They help us disembark and unload the zodiac and then take off to do their research. The day is warm and after a little exertion everyone begins to shed layers, some down to shirt sleeves. It is a perfect, windless, warm and sunny day.
Penguins are scattered across the island, some on the high cliffs, others near the sea. The ones swimming look like white darts zig-zagging through the water. Several pairs surround the refugio (emergency shelter/supply hut) built by the Argentines and currently occupied by the Russians. The team we are "putting in" we live in tents less than a quarter of a mile from the coast. The island is small, less than a mile wide. We watch the penguins, and they watch us.
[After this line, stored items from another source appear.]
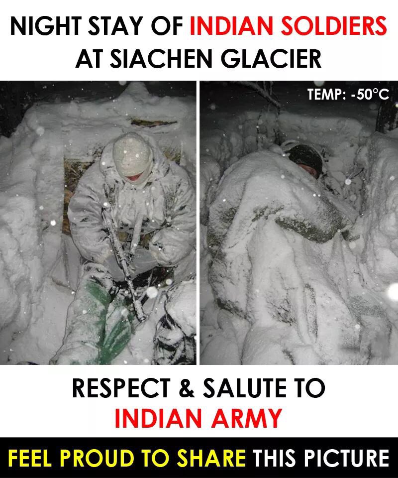 मंडळी, या पोस्टमध्ये २ भारतीय सैनिक सियाचीन सारख्या बर्फाळ प्रदेशात शून्यापेक्षाही कमी अशा -५० डिग्री सेल्सियस तापमानात झोपलेले दिसत आहेत. अशा भयंकर थंड तापमानात सामान्य माणूस राहूच शकणार नाही. पण हे भारतीय सैनिक आहेत राव. त्यांची जिद्द इथेच दिसून येते.
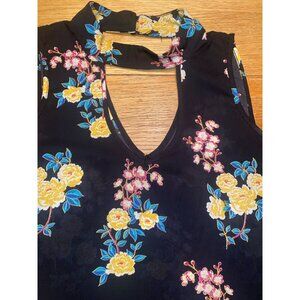 This sleeveless top features a beautiful floral pattern, a flattering keyhole design, and a chic collar.
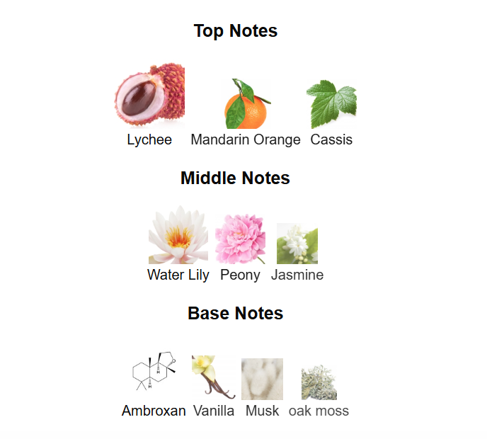 From the first spray, a burst of lychee, mandarin, cassis, and orange captures attention with juicy, sun-ripened sweetness. The heart unfolds into a luminous floral trio of water lily, peony, and jasmine, adding fresh elegance and timeless charm. As the scent dries down, a rich base of ambroxan, vanilla, musk, and vetiver blossoms—ensuring creamy depth, sensual warmth, and sophisticated longevity.
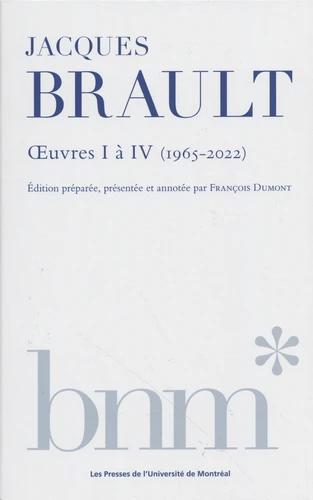 L'oeuvre de Jacques Brault était auparavant éparpillée chez divers éditeurs et plusieurs de ses publications n'étaient plus disponibles. Certains de ses livres sont déjà considérés comme des classiques de la littérature québécoise (Mémoire, Chemin faisant, Moments fragiles, Agonie), mais le regroupement des publications permet de lire autrement ces livres, en les liant à d'autres textes moins connus et en faisant mieux percevoir ce que l'auteur appelait son "cheminement" , qui le conduit d'un engagement social fervent à l'exploration d'un "en dessous" qu'il associe à l'intimisme littéraire. Coffret réunissant les quatre tomes des oeuvres de Jacques Brault.
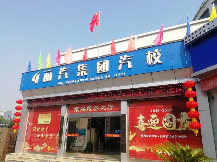 鮮艷的五星紅旗懸掛在汽校報(bào)名注冊(cè)中心大門頂端,四周插著五顏六色的旗幟,在藍(lán)天的映襯下顯得格外耀眼。大門兩側(cè),兩排喜慶的紅燈籠隨風(fēng)搖曳,烘托著祥和的節(jié)日氛圍。LED屏上,“熱烈慶祝中華人民共和國(guó)成立70周年”、“祝愿?jìng)ゴ蟮淖鎳?guó)永遠(yuǎn)繁榮昌盛”的標(biāo)語(yǔ)滾動(dòng)播放,氣氛濃厚。“喜迎國(guó)慶”的巨大金色標(biāo)語(yǔ)和汽校“傳授技藝、傳承平安”核心價(jià)值的巨幅廣告相互輝映,相得益彰。
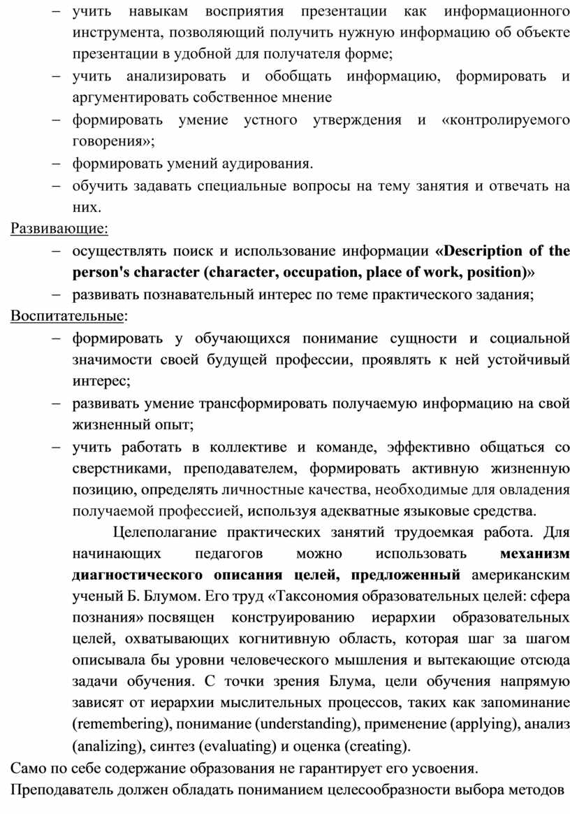 преподавателями в зависимости от типа учебного заведения, профиля специализации и учебного предмета, а также уровня развития обучающихся и подготовленности педагогов.
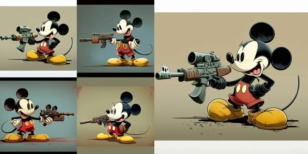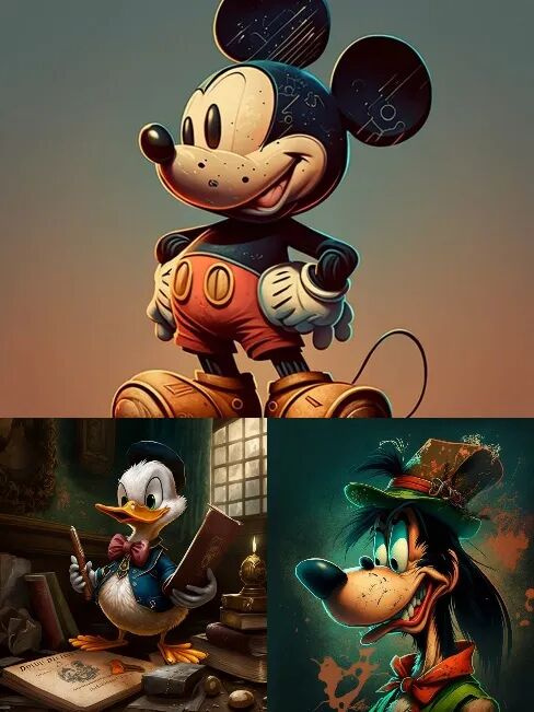 最初,他生成了几只略带写实风格的米老鼠和唐老鸭,甚至还有暗黑风格的高飞。
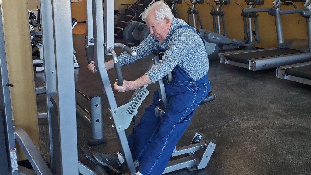 Lloyd Black, a 91-year-old who exercises in denim overalls, is ‘Member of the Month’ at Anytime Fitness in Semmes, Alabama. He says he wears baggy overalls because they’re comfortable, and they hide his excitement seeing women working out in yoga overalls.
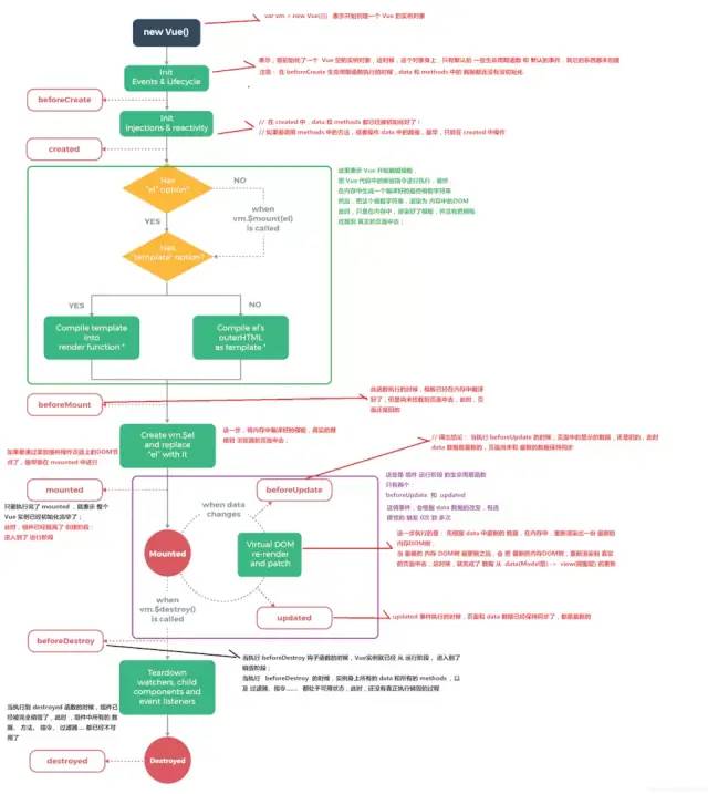 在钩子函数 mounted 被调用前,Vue 已经将编译好的模板挂载到页面上,所以在 mounted 中可以访问操作 DOM。vue 具体的生命周期示意图可以参见如下,理解了整个生命周期各个阶段的操作,关于生命周期相关的面试题就难不倒你了。
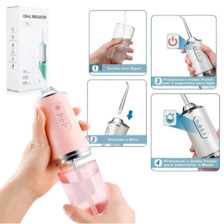 Irrigador Dental Oral Portátil Recarregável USB 220ml Promoção Limpeza Bocal Jato Forte

They are curious, cute, and amusing creatures.
The camp is nearest a colony of gentoos and at the end of the day we hike up the hill to take a look at the adelies. As the climate becomes warmer, the adelies struggle but the gentoos, better adapted to warmer climes, are expanding their range to locations farther south than they have been seen before. We also see some blue-eyed shags. They remind me of trim, alert penguins. They build their nests from sea grass on the edges of the cliffs right among the penguin colonies.
We go back to the ship tired, hungry, and sunburned.
10 November
Arrived Palmer Station and have been learning our way around as well as basic safety. Tonight some of my shipmates and I are planning to walk up the glacier.
I hope this catches you up a bit with our adventures.